▶ **Data to process**:
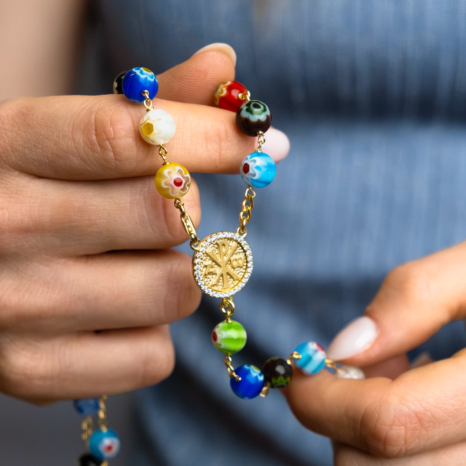 Una viva explosión de colores caracteriza este rosario en plata dorada, definiendo con originalidad su estilo moderno y contemporáneo. Adornado con auténticas cuentas de cristal de Murrina, la medalla central del rosairo representa el símbolo Chi-Rho en el frente y la Mater Ecclesiae en el reverso.
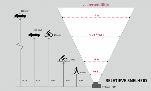 Als je de sluitertijd dus koppelt aan beweging van de camera, dan spreek je in de praktijk bij brandpunten tot 200mm en mét IS - zonder rekensommetjes - over een lange sluitertijd als deze langer wordt dan 1/50s. Beweegt het onderwerp, dan gelden echter heel andere criteria dan de brandpunt-sluitertijdregel en is de kritische sluitertijd gerelateerd aan de snelheid, afstand en richting van het hoofdonderwerp. Snelheid en afstand zijn daarbij interessante parameters. Een hond die op 3 meter langs rent, beweegt in absolute zin langzamer dan een straaljager op 3 km afstand, maar je zult echter toch een kortere sluitertijd moeten hanteren om de beweging van dit huisdier te bevriezen dan bij de straaljager. De hond beweegt op die korte afstand namelijk relatief sneller dan de straaljager op grote afstand. Voor het bevriezen van een bewegend onderwerp met een ‘korte’ sluitertijd is dus de relatieve snelheid belangrijk en die kunnen we eenvoudig koppelen aan de tijd die het voorwerp nodig heeft om van links naar rechts door de zoeker te gaan. In de onderstaande afbeelding wordt de invloed van absolute snelheid en afstand tot de camera geïllustreerd. Daarin wordt duidelijk dat bij toename van de afstand de tijd in de zoeker langer wordt en dus de relatieve snelheid korter is. Bij een lagere relatieve snelheid kun je langere sluitertijden gebruiken.
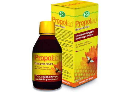 - Το Propolaid Βalsamic Σιρόπι είναι συμπλήρωμα διατροφής με Πρόπολη, Echinacea, Μέλι καστανιάς, Αλθαία, Τίλιο, Red Poppy, Verbascum, Helichrysum, αιθέρια έλαια των Mugo pine, Red thyme & Fennel.
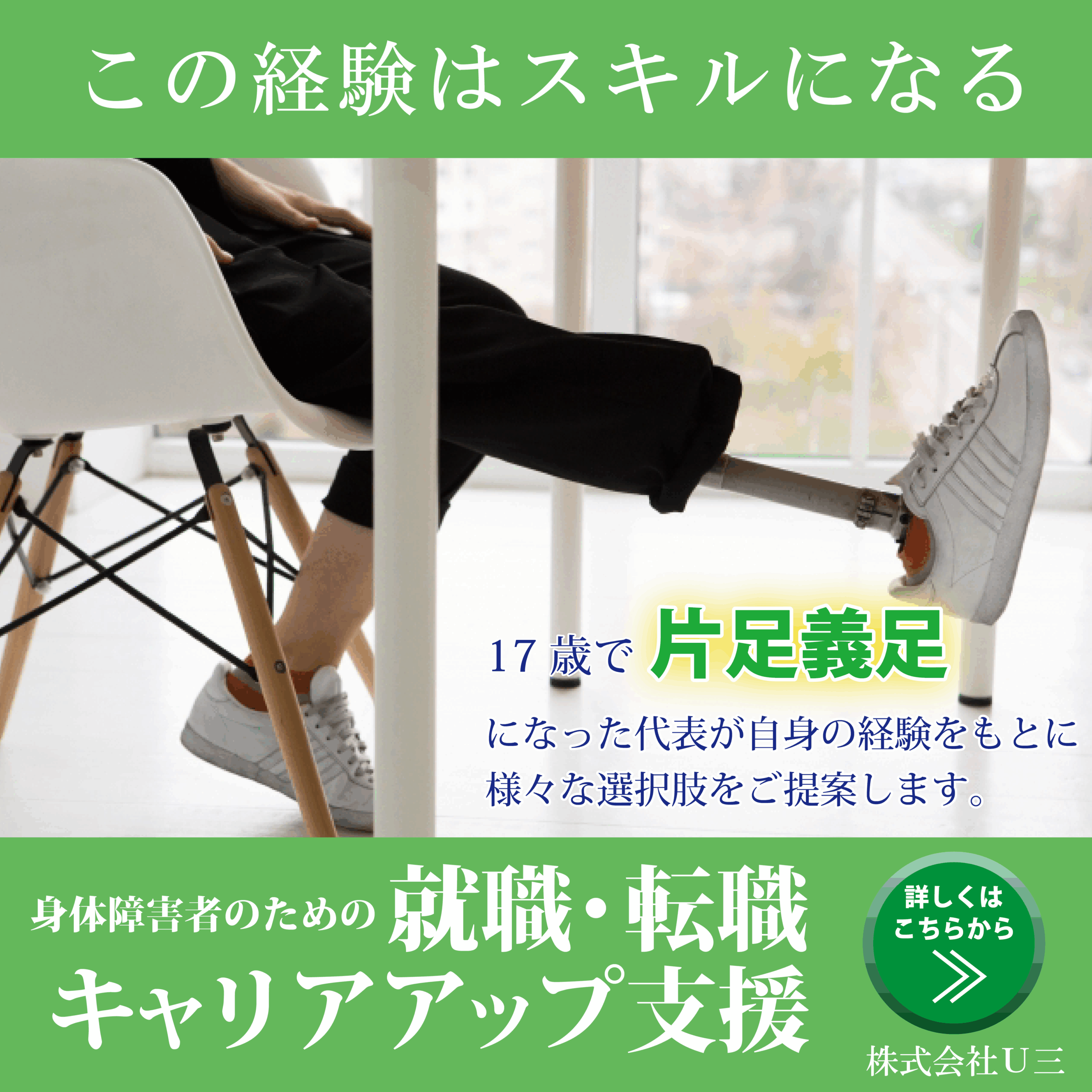 株式会社U三(ユウサン)は、身体障害に特化した就職・転職・キャリアアップ支援のプロフェッショナルです。代表自身が当事者であることから、言いづらさを理解し、現実的な解決策へつなげる知見が豊富。
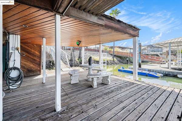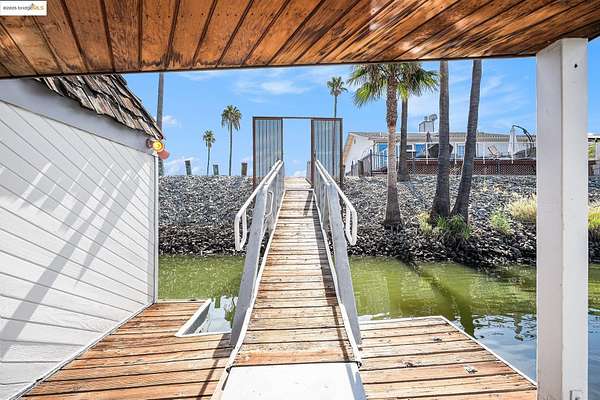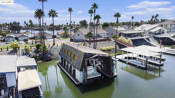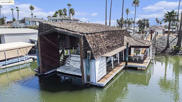 Est $7,380/moDelta Waterfront Lot with Fully Improved Boat Shed - Ready to Build! This rare waterfront parcel comes fully equipped with power, water, and sewer already in place-just bring your home plans! The custom boat shed features 200-amp electrical service, dual 50-amp boat outlets, multiple 20-amp outlets, a full bathroom with shower, kitchenette with appliances, laundry, and generous storage areas. Designed for stability with earthquake and wind tie-downs, the dock feels solid underfoot. Moorage for a 60' boat inside the shed, plus side ties for additional vessels. Secure gated access with deadbolts throughout. Enjoy life on the Delta now while you plan your future dream home!
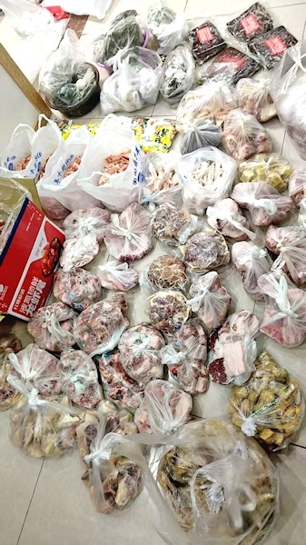孙女士介绍,她此次收到的年货里,有一整头猪的猪肉,有鸡、鸭、鱼和各类东北的特色美食,还有母亲亲手炸的豆腐泡等,“这些东西相比我们在上海买的,既便宜又好吃”。

▶ **Problem statement**: Using the entries above, transcribe every line from the line containing "- Το Propolaid" through the line containing "株式会社U三(ユウサン)は、". Do not copy pictures.

▶ **Result for this exercise**:
 - Το Propolaid Βalsamic Σιρόπι είναι συμπλήρωμα διατροφής με Πρόπολη, Echinacea, Μέλι καστανιάς, Αλθαία, Τίλιο, Red Poppy, Verbascum, Helichrysum, αιθέρια έλαια των Mugo pine, Red thyme & Fennel.
 株式会社U三(ユウサン)は、身体障害に特化した就職・転職・キャリアアップ支援のプロフェッショナルです。代表自身が当事者であることから、言いづらさを理解し、現実的な解決策へつなげる知見が豊富。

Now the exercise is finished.